The preliminary estimate of GDP estimates that the UK economy grew by 0.3% in Quarter 1 2017, following growth of 0.7% in Quarter 4 (Oct to Dec) 2016, as shown in Figure 1.
Services output grew by 0.3% in Quarter 1 2017, a slower rate than the average of 0.7% seen over the preceding 16 quarters. The latest data for services in March – which is based on early responses to the Monthly Business Survey – suggest output was flat in March following a 0.1% contraction in January and 0.2% growth in February. Of the growth over the whole quarter, the majority of the growth in services was driven by business services and finance (contributing 0.3 percentage points to total services growth).
The headline GDP figure also reflects growth of 0.3% in production and 0.2% in construction (these two components account for around 21% of total gross value added (GVA) combined).
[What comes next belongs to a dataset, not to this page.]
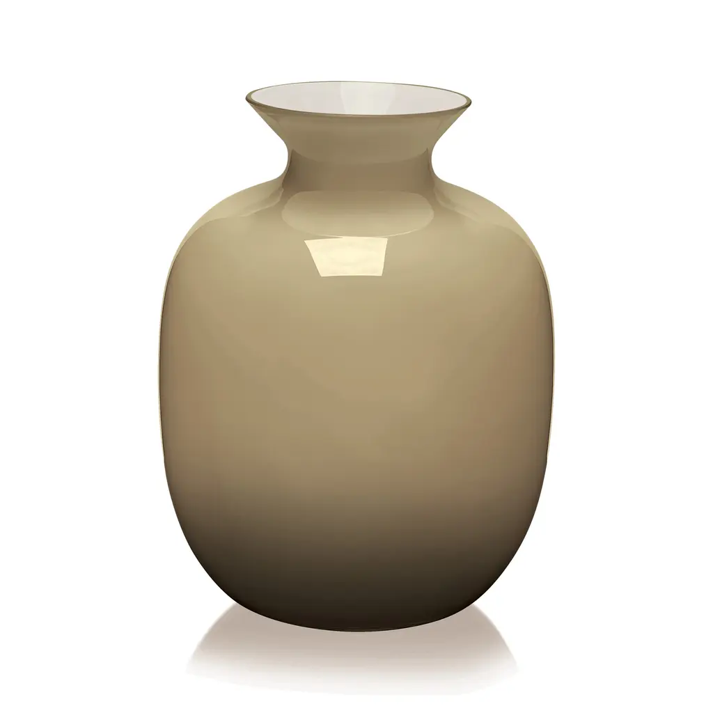 The Rialto Vase collection from IVV showcases expertly crafted mouth-blown flashed glass pieces in a range of sizes. Each vase features a luminous white interior contrasted by an exterior in gray, tobacco, light blue, or white. Designed for versatility, these vases can be displayed individually or artfully combined to create distinctive furniture accents that elevate any interior with subtle elegance. Highlights

Within production, manufacturing rose by 0.5% while output in the energy supply sector (electricity, gas, steam and air conditioning) fell, partially in response to relatively warm weather in February and March.
Part of the slowdown in services growth this quarter is due to a decline in the output of ‘consumer-focused’ industries, such as retail trade. This is consistent with retail sales data released earlier this month, which showed a 1.4% fall in total retail sales volumes for Quarter 1 2017.
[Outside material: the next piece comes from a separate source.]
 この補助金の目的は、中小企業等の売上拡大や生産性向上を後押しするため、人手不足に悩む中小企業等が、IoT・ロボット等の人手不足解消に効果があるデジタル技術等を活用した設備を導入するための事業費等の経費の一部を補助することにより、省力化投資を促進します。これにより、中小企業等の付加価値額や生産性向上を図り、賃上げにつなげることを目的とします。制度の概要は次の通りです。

Figure 2 shows an index of output in consumer-focused service industries compared with the total index of services. Up until this quarter, growth in consumer-focused services had been consistently outpacing that of total services since early 2015. In 2016, consumer-focused services contributed 0.8 percentage points of the 2.5% annual output GVA growth (a disproportionately large contribution given their weight of around 12.6% of GDP).
With the exception of food and beverage (standard industrial classification (SIC) 56), which saw a 2.7% rise between Quarter 4 2016 and Quarter 1 2017, output in the remaining consumer-focused service industries contained in Figure 2 fell in Quarter 1 2017. However, in some cases, this did coincide with a relatively high level of growth in previous quarters (for example, SIC 59: motion pictures).
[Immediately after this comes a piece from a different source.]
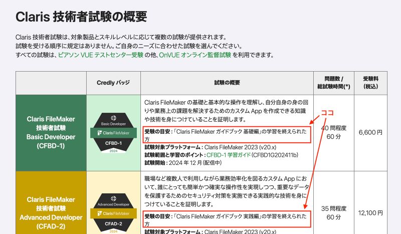 まず、Claris の公式サイトの「Claris 技術者試験の概要」の表には、各試験に対する「受験の目安」が明記されています。

Figure 3 places the recent growth of the UK’s consumer-focused services in an international context. Although each country in Figure 3 has seen growth in consumer-focused services, which is greater than that of total services, the UK and Italy show a relatively large gap between the two growth rates.
Production output was estimated to have grown by 0.3% in Quarter 1 2017, compared with the previous quarter, down slightly from growth of 0.4% in Quarter 4 2016. Compared with the same quarter a year ago, production output was estimated to have grown by 2.5%, up from 1.9% in Quarter 4 2016. While production output made virtually no contribution to quarter-on-quarter growth of GDP (a 0.04 percentage point contribution), it contributed 0.4 percentage points to quarter-on-year growth.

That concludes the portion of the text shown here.